I do not know what Mr. Belloc’s mathematical attainments are, or indeed whether he has ever learnt to count beyond zero. There is no evidence on that matter to go upon in these papers. But one may suppose him able to understand what an average is, and he must face up to the fact that the characteristics of a species are determined by its average specimens. This dickering about with fancy stories of abnormal nuptials has nothing to do with the Theory of Natural Selection. We are dealing here with large processes and great numbers, secular changes and realities broadly viewed.
I must apologise for pressing these points home. But I think it is worth while to take this opportunity of clearing up a system of foggy misconceptions about the Theory itself that may not be confined altogether to Mr. Belloc.
Mr. Belloc Comes to His Evidence
And now let us come to Mr. Belloc’s second triad of arguments—his arguments, as he calls them, “from Evidence.” The sole witness on Evidence called is his own sturdy self. He calls himself into the box, and I will admit he gives his testimony in a bluff, straightforward manner—a good witness. He says very properly that the theory of Natural Selection repudiates any absolute fixity of species. But we have to remember that the rate of change in any species is dependent upon the balance between that species and its conditions, and if this remains fairly stable the species may remain for as long without remarkable developments, or indulge in variations not conditioned by external necessities.
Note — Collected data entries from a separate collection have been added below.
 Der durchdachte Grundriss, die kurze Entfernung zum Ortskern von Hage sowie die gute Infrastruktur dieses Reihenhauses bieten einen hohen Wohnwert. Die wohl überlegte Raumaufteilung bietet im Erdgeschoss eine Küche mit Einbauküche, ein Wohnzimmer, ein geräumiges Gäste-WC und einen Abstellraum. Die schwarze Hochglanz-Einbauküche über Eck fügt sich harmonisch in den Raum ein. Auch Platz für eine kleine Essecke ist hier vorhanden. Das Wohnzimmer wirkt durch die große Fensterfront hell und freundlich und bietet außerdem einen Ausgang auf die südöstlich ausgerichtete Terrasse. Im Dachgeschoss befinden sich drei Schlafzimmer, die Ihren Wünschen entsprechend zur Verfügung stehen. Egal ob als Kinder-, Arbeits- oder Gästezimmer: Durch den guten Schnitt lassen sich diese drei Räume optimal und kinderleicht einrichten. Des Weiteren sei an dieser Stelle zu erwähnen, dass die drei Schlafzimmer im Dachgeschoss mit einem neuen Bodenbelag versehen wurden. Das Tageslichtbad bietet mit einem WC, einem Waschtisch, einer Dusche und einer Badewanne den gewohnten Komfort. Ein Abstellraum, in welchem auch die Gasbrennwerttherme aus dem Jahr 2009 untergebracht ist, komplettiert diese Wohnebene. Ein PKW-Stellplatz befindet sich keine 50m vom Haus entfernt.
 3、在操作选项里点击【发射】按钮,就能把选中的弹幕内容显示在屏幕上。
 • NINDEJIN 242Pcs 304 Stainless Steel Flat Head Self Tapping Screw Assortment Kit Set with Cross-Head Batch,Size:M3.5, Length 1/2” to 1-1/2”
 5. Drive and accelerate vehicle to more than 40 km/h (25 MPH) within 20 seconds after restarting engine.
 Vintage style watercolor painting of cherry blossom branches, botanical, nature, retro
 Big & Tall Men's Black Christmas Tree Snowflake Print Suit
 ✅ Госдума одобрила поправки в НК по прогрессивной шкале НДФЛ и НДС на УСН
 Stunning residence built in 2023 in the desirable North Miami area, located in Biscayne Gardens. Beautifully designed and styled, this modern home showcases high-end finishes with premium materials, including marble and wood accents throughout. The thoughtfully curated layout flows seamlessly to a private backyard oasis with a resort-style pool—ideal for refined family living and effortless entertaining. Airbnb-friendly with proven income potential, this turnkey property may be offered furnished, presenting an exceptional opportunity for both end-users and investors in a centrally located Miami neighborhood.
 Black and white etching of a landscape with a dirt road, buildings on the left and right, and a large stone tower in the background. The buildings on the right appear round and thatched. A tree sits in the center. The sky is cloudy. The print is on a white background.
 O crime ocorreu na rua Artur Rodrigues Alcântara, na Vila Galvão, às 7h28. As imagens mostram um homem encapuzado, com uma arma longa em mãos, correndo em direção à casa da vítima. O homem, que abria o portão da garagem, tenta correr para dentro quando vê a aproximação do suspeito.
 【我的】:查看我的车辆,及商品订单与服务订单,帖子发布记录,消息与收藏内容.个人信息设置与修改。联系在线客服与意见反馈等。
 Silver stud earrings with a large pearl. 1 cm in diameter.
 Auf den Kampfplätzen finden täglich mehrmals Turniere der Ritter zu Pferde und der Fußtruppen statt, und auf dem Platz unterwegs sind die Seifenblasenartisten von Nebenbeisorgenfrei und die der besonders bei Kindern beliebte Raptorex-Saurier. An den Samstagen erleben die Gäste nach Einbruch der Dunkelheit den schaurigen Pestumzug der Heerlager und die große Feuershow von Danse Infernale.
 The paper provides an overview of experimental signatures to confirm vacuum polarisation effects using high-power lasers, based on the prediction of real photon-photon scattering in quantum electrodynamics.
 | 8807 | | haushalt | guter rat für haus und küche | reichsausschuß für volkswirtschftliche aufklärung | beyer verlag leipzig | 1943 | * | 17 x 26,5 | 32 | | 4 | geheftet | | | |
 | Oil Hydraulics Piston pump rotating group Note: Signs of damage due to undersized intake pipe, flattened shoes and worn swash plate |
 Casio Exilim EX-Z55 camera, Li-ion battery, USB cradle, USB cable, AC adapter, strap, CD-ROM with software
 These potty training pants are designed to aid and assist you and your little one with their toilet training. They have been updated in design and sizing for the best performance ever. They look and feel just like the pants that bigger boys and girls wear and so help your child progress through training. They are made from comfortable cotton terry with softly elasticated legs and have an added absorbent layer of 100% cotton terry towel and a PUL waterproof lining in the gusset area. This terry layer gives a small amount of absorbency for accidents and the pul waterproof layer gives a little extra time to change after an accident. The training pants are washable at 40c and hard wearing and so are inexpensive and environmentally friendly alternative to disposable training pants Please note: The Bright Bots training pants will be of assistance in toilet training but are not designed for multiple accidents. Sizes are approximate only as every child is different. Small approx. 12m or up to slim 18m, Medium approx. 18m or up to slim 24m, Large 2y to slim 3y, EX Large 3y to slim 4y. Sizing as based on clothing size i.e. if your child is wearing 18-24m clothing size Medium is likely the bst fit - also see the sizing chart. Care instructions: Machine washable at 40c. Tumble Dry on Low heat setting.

The classical Lingula of the geological text-books, a warm-water shell-fish, has remained much the same creature throughout the entire record, for hundreds of millions of years it may be. It was suited to its submarine life, and hardly any variation was possible that was not a disadvantage. It swayed about within narrow limits.
This admission of a practical stability annoys Mr. Belloc; it seems to be a mean trick on the part of the Theory of Natural Selection. He rather spoils his case by saying that “according to Natural Selection” the swallow ought to go on flying “faster and faster with the process of time.” Until it bursts into flames like a meteor and vanishes from our world? And the Lingula ought to become more and more quiescent until it becomes a pebble? Yet plainly there is nothing in the Theory of Natural Selection to make the swallow fly any faster than its needs require. Excess of swiftness in a swallow may be as disadvantageous as jumping to conclusions can be to a controversialist.